На самом деле это был чистой воды идиотизм. Если коллега пребывал в кризисе, стоило взять его под опеку. Но эти слезы внушали Фарли скорее не отеческие, а сыновние чувства. Они напомнили Оскару один случай из его детства, когда заплакал его отец. Тогда, как и теперь, Фарли испугался. Ведь на Алане держался весь Блетчли. Случись с ним что – и вся работа пошла бы насмарку. Оскар вглядывался в Тьюринга. Тот невозмутимо разгадывал кроссворд в газете, что несколько не вязалось с красными от слез глазами. В конце концов Фарли не выдержал:
– Послушай, Алан, что происходит? Может, я могу что-нибудь для тебя сделать?
Тот взглянул на Фарли поверх газеты.
– Привет, Оскар, я тебя не видел… Ты что-то сказал?
– Что я могу для тебя сделать?
– Очень мило с твоей стороны, спасибо… Но, боюсь, список моих желаний длинноват. Я хотел бы новый велосипед и лучше питаться… Побольше свободного времени и… кроссворд поинтереснее. Или ты имел в виду что-то другое?

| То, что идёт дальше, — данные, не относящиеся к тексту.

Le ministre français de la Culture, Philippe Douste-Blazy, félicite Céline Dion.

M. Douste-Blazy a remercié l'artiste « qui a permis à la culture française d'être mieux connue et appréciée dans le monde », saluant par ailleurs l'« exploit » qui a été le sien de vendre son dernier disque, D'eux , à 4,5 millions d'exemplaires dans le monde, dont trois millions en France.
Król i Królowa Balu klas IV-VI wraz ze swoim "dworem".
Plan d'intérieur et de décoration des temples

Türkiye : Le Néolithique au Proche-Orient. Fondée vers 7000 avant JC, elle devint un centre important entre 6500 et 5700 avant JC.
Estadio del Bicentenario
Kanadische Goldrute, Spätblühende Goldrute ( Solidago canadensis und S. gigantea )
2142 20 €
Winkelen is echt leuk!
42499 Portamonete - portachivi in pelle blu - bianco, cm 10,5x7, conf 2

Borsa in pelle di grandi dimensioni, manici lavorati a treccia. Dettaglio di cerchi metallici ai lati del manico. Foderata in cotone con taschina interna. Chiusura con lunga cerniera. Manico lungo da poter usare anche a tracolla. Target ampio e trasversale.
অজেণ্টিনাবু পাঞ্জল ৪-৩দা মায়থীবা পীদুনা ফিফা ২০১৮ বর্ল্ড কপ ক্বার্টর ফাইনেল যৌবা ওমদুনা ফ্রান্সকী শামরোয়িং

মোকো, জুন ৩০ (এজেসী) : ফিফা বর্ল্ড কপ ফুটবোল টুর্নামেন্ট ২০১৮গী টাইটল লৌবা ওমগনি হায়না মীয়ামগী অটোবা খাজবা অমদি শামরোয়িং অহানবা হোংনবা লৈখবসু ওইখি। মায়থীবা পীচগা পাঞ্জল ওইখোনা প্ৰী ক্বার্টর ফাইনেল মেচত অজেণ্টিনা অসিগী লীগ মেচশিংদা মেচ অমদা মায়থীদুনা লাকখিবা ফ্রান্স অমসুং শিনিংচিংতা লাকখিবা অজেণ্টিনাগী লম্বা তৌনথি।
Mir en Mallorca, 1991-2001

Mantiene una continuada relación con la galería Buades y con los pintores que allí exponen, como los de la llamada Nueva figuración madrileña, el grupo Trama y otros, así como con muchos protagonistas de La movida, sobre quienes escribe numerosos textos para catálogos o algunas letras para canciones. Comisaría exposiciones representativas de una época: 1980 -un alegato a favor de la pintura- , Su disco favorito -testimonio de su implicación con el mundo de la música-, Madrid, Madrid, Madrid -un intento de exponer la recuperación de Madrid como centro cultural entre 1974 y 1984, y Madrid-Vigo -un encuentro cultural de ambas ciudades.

Фарли пожал плечами. Четрверть часа спустя он прогуливался возле Блетчли, вспоминал свою жену, которой изменил, и сокрушался, что у него никогда не будет детей. Внезапно за спиной послышался знакомый звук – хруст гравия, сопровождаемый ритмичным тиканием. Это мог быть только велосипед Алана, с его безнадежной цепью. Но, оглянувшись, Оскар увидел нечто еще более странное. На голову ученого было надето нечто напоминающее противогаз. Фарли выпучил глаза, не зная, что думать. Однако Тьюринг как ни в чем не бывало приветствовал его, помахав рукой. Прошло несколько секунд, прежде чем Оскар вспомнил, что Алан страдает сенной лихорадкой и надел маску, по-видимому, чтобы защитить себя от аллергенов. Этим же объяснялись и его слезы за завтраком.
***
Работы по взлому морского кода затянулись. Беспокойство лондонского начальства нарастало.
Очевидно, немцы уделяли больше внимания морской «Энигме». Последняя казалась несокрушимой. Еще бы – на кону стоял контроль над Атлантикой. Алану удалось существенно расширить возможности польской «бомбы». В основе усовершенствований лежал все тот же принцип
– Я использовал парадокс лжеца в качестве отмычки, – объяснял он.
Но этого явно не хватало. Похоже, проблема не могла быть решена без учета шифровального кода немецких подводных лодок. То есть заодно следовало заняться и им.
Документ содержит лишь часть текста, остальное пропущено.